Yup Bob, I must be a pussy. Yup, I have no idea what happens after you retire, but I will cross that bridge when I come to it. There are few retired guys on this forum who do not share your opinion. Now, I guess that the majority of the cops who post on this forum must be pussies as well because they do not share your warped opinion. You posted your thread about an article that you have read in the Brockton Local paper. You have not even properly read the article as it is evident when you reffered to the accused firefighter by the name of O'Rourke. Guess your vast years in the BCI did not teach you to pay attention to detail. Yes, I went Alpha Male on you as you put it. But are we not all Alpha in this line of work? Well, may be not you. Once again, I have kind of looked over the collection of your various posts in various on-line forums. I will place your age between 45 and 55, and your retirement as of about 6 to 10 years ago. Did you retire due to age? Were you forced to go? Was it an injury? Was it a family issue? No matter really, you have to do what is right for you and yours. I guess you could call it a clique here but it is so much, much more then that. We are here for entertinment, we are here to vent, and we are here to have a good time. We are also here because we are like-minded. You come here for a reason too, but I question your motives. Your history here shows that you ARE a shit stirrer. If you don't agree with it, so be it. You think that you are trying to post your opinion, but let us all face it, we don't really care for what you have to say, or how you say it. I take your comments in you PM as a call-out to me. You want to meet me at a next M & G? Sorry to tell you that I have yet to attend one. I have not gone to one not because I did not want to, but simply because my work and home schedule have not allowed it. MC Meet & Greets are not a secret. They are posted here on line. Feel free to attend to meet the membership, may be you can tell us some of your BCI war stories. I for one would love to hear them. I just love all of that Crime Scene shit. Now, if you would like to meet me I suppose it could be arranged.

Lastly,



> *Take due notice thereof and govern yourself accordingly*.

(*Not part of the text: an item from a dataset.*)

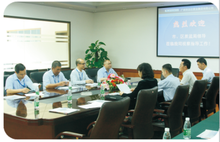 2014年4月15日,广州市质监局副局长、党委委员、焦点娱乐区质监局副局长等一行领导莅临我集团考察和指导新产品申报省名牌产品工作。

Interesting choice of words. Some who post here, may catch the meaning. I know I did. Which makes me wonder_* from whence you came*_?

If I am right, then I will expect a PM with an answer to that particular question. Oh, don't worry, I will not post _*THAT ANSWER*_


----------



## kwflatbed (Dec 29, 2004)

V from people that know him he is nothing but a nut case that was forced into retirement.


----------



## Deuce (Sep 27, 2003)

Oh my, BeeCeeEye Boob is scarey.. I think I'll grab my blankey and hide....


----------



## 263FPD (Oct 29, 2004)

Then may be sombody ought to up his meds. Seems like he is bitter about it.


----------



## niteowl1970 (Jul 7, 2009)

263FPD said:


> Then may be sombody ought to up his meds. Seems like he is bitter about it.


I've seen people like that before. First he trolls Masscops and next thing he's harassing people at Shoppers World.


----------



## Usa8235 (May 20, 2010)

what a pathetic toad...why are they always bob?! what about bob!


----------



## niteowl1970 (Jul 7, 2009)

I'm calling shenanigans on Bob. I think the BCI stands for this fine company.

Welcome to BCI Security

This could be Bob himself


----------



## Tuna (Jun 1, 2006)

This thread is heading into the toilet. We have a dilusional semiwhacker calling out a very respected member, FOR WHAT, calling like he sees it. Close it down before Bob has a fullblown homosexual meltdown. Thank you


----------



## CJIS (Mar 12, 2005)

niteowl1970 said:


> I'm calling shenanigans on Bob. I think the BCI stands for this fine company.
> 
> Welcome to BCI Security
> 
> This could be Bob himself


Hmmm maybe...

I know and have worked with a lot of the Plymouth County BCI guys and most of them are good guys.


----------



## 263FPD (Oct 29, 2004)

Yeah, this thread is done.


----------